BEGIN Dataset records
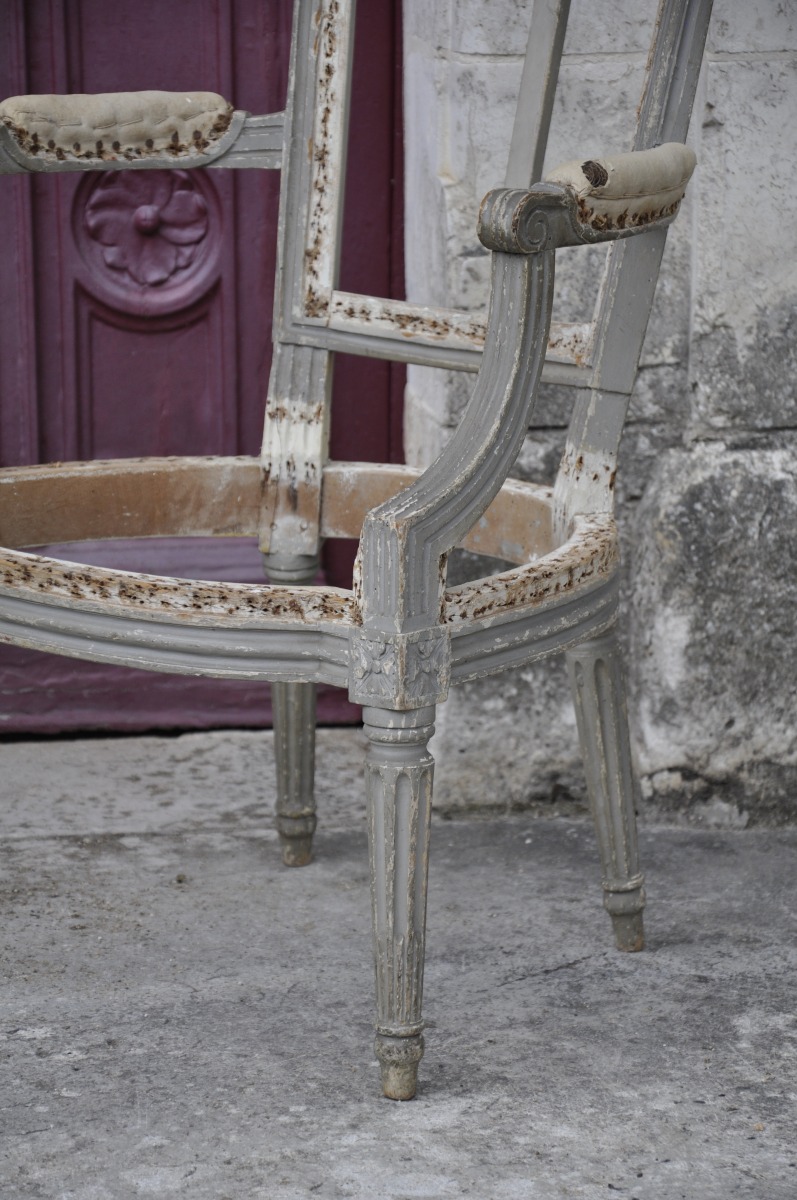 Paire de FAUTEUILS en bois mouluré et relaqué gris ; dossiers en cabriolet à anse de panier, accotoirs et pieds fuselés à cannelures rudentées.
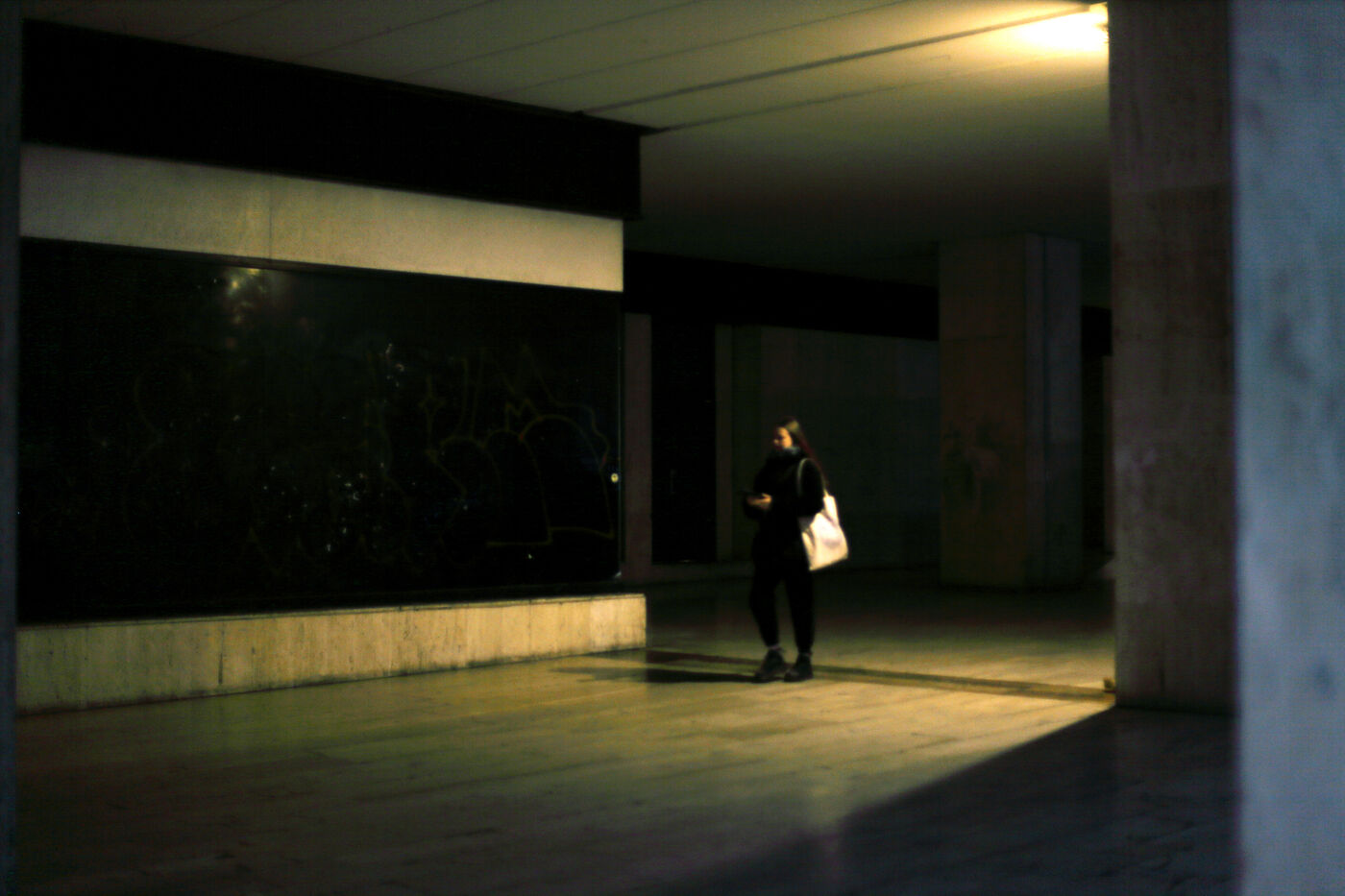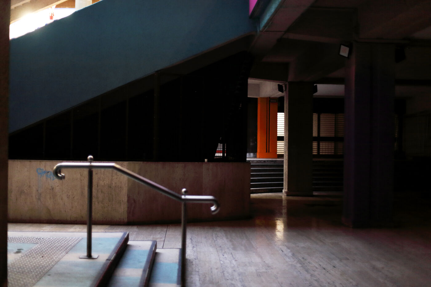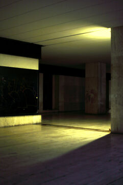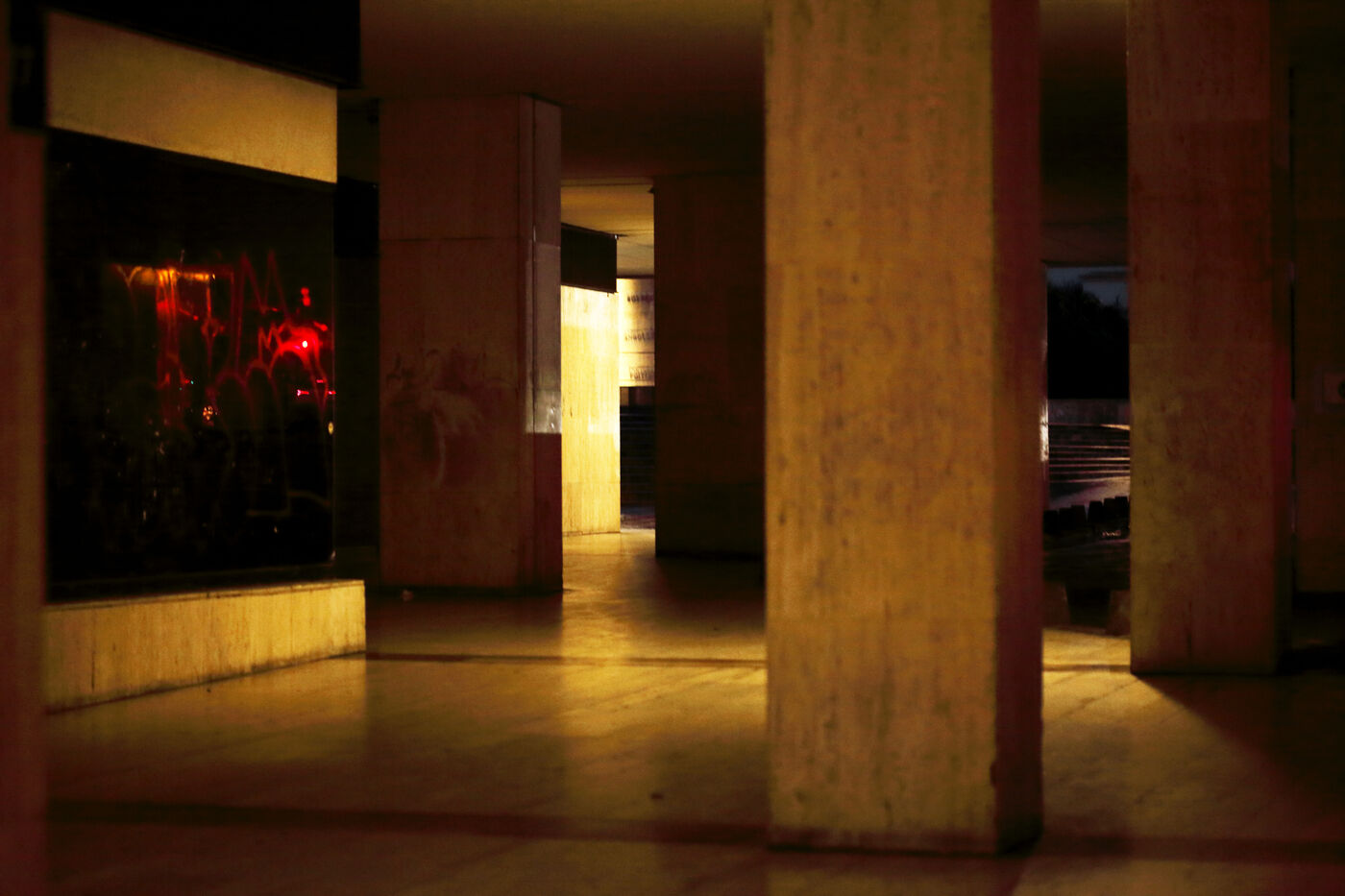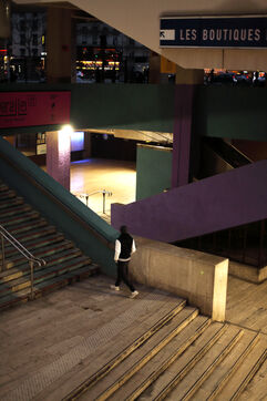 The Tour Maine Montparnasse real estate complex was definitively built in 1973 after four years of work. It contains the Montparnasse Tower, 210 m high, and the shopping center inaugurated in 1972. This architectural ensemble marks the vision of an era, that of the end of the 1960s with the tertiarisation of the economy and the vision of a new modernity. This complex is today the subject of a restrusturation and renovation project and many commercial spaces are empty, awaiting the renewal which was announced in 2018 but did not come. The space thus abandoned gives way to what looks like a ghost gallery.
END Dataset records
BEGIN Dataset records
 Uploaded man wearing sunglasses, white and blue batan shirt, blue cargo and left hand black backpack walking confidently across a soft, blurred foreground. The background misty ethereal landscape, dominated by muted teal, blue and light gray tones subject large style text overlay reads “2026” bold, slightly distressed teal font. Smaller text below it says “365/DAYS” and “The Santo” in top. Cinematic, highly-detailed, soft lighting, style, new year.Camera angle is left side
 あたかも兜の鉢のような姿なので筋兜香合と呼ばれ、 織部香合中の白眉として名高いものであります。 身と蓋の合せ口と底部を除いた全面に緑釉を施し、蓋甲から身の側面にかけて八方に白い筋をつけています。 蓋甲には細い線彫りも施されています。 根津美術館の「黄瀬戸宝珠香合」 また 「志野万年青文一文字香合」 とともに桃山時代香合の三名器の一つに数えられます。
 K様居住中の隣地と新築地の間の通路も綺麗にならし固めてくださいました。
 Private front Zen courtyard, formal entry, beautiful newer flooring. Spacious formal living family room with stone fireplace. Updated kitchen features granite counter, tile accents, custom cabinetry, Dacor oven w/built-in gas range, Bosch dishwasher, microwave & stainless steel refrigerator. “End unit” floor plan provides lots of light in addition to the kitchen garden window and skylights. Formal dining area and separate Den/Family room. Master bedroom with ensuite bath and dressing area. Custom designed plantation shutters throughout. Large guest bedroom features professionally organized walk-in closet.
END Dataset records
In the listing above, find the line containing "K様居住中の隣地と新築地の間の通路も綺麗にならし固めてくださいました。" and the line containing "Private front Zen", then repeat those two lines and everything between them exactly.

 K様居住中の隣地と新築地の間の通路も綺麗にならし固めてくださいました。
 Private front Zen courtyard, formal entry, beautiful newer flooring. Spacious formal living family room with stone fireplace. Updated kitchen features granite counter, tile accents, custom cabinetry, Dacor oven w/built-in gas range, Bosch dishwasher, microwave & stainless steel refrigerator. “End unit” floor plan provides lots of light in addition to the kitchen garden window and skylights. Formal dining area and separate Den/Family room. Master bedroom with ensuite bath and dressing area. Custom designed plantation shutters throughout. Large guest bedroom features professionally organized walk-in closet.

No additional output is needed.